Audus Debra J, de Pablo Juan J
Materials Science and Engineering Division, National Institute of Standards and Technology, Gaithersburg, Maryland, 20899 USA.
The Institute for Molecular Engineering, The University of Chicago, Chicago, Illinois, 60637 USA.
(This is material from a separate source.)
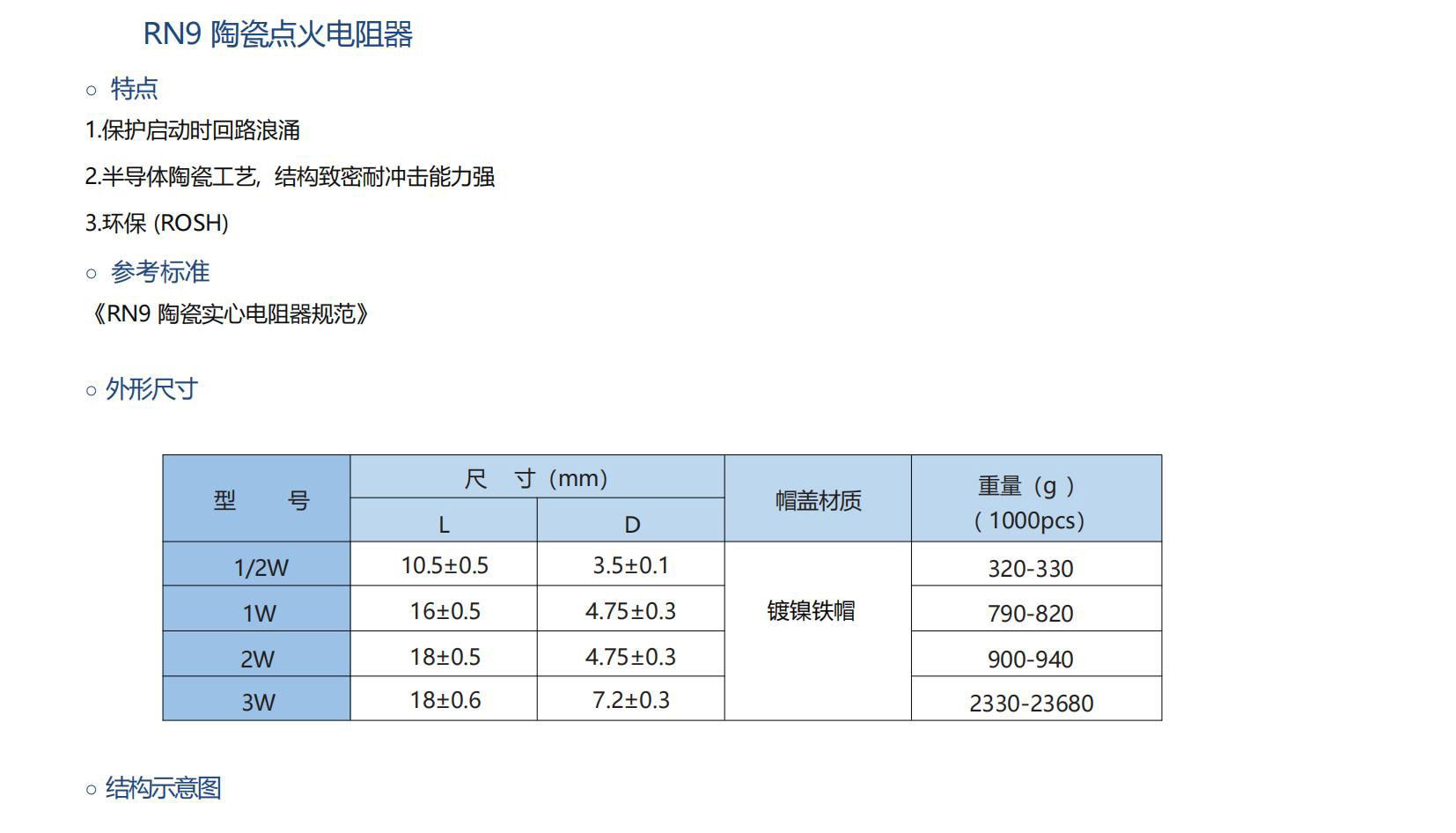 RN9 型陶瓷點火電阻器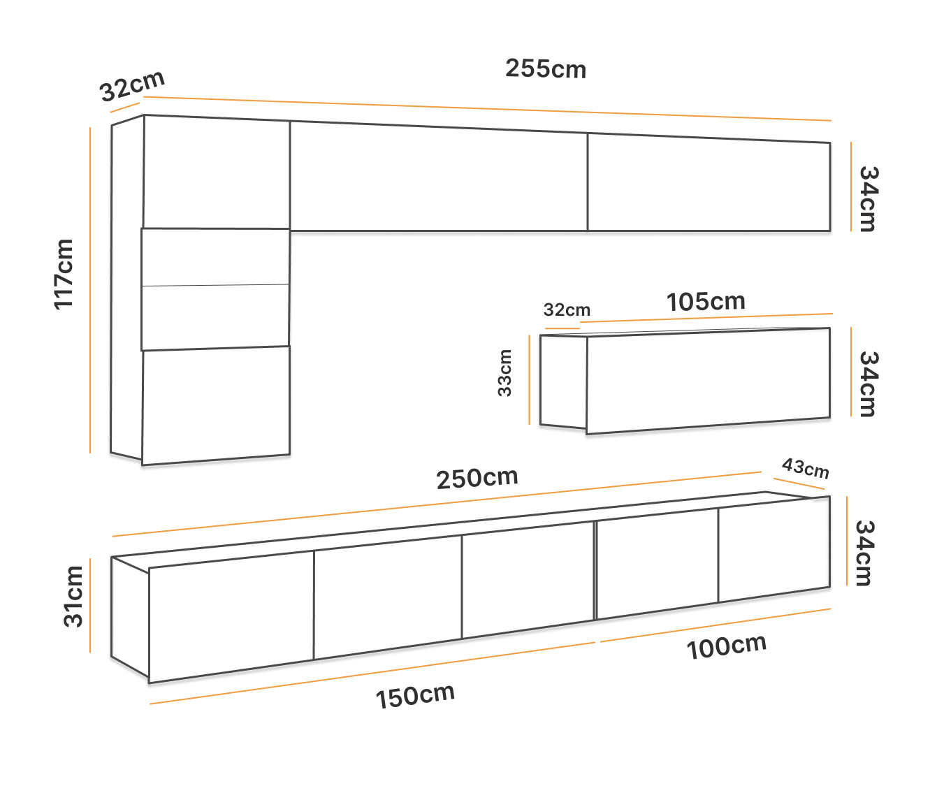 - Die TV-Schränke können als Hängemöbel oder Standmöbel montiert werden (Füße im Lieferumfang enthalten),

ACS Macro Lett. 2017 Oct;6(10):1078-1082. doi: 10.1021/acsmacrolett.7b00228. Epub 2017 Sep 15.
We are entering an era where large volumes of scientific data, coupled with algorithmic and computational advances, can reduce both the time and cost of developing new materials. This emerging field known as materials informatics has gained acceptance for a number of classes of materials, including metals and oxides. In the particular case of polymer science, however, there are important challenges that must be addressed before one can start to deploy advanced machine learning approaches for designing new materials. These challenges are primarily related to the manner in which polymeric systems and their properties are reported. In this viewpoint, we discuss the opportunities and challenges for making materials informatics as applied to polymers, or equivalently polymer informatics, a reality.
我们正在进入一个新时代,大量科学数据与算法和计算技术的进步相结合,可以减少开发新材料的时间和成本。这个新兴领域被称为材料信息学,已经在包括金属和氧化物在内的多种材料类别中得到认可。然而,在聚合物科学领域,在开始部署先进的机器学习方法来设计新材料之前,必须解决一些重要挑战。这些挑战主要与聚合物体系及其性能的报告方式有关。在本文观点中,我们讨论了将材料信息学应用于聚合物(即聚合物信息学)成为现实所面临的机遇和挑战。